* **ABOUT THIS TASK**: Find every line in the records below that holds the word "city", and copy each one.

* **INPUT DATA**:
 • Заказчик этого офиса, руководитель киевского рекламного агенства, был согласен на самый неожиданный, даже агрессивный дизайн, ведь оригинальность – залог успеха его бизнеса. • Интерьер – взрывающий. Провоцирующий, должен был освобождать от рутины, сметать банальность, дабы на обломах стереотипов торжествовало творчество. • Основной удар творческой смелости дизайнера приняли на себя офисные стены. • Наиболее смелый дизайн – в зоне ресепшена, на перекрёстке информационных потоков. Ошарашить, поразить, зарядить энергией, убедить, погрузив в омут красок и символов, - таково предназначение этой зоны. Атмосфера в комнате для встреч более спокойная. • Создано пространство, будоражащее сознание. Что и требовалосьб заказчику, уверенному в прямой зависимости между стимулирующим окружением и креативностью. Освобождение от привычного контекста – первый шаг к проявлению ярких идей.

--

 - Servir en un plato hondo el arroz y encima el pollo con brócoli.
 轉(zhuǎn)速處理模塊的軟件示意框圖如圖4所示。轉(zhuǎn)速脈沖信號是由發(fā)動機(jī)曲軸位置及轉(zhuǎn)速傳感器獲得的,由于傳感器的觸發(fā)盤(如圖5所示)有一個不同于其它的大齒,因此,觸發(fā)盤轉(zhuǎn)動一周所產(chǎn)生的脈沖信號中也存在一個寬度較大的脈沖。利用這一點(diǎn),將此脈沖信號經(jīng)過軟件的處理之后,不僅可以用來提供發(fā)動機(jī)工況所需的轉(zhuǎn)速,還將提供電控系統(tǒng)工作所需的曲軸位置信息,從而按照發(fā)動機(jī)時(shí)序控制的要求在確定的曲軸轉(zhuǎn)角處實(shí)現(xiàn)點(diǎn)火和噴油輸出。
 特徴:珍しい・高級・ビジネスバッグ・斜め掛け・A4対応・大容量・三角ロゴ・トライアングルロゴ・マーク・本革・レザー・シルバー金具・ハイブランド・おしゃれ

* * *

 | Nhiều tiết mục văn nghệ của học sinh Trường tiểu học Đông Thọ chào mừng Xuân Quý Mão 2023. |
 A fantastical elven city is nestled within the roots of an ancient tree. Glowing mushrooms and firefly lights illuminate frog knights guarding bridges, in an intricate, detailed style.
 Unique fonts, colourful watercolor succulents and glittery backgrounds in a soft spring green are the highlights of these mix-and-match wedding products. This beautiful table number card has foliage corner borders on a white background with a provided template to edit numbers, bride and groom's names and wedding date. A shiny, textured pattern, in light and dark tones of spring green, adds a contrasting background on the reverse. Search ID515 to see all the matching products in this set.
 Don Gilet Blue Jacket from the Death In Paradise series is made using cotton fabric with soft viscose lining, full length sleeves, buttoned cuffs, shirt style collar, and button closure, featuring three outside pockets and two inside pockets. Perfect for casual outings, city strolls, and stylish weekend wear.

* **REPLY**:
 A fantastical elven city is nestled within the roots of an ancient tree. Glowing mushrooms and firefly lights illuminate frog knights guarding bridges, in an intricate, detailed style.
 Don Gilet Blue Jacket from the Death In Paradise series is made using cotton fabric with soft viscose lining, full length sleeves, buttoned cuffs, shirt style collar, and button closure, featuring three outside pockets and two inside pockets. Perfect for casual outings, city strolls, and stylish weekend wear.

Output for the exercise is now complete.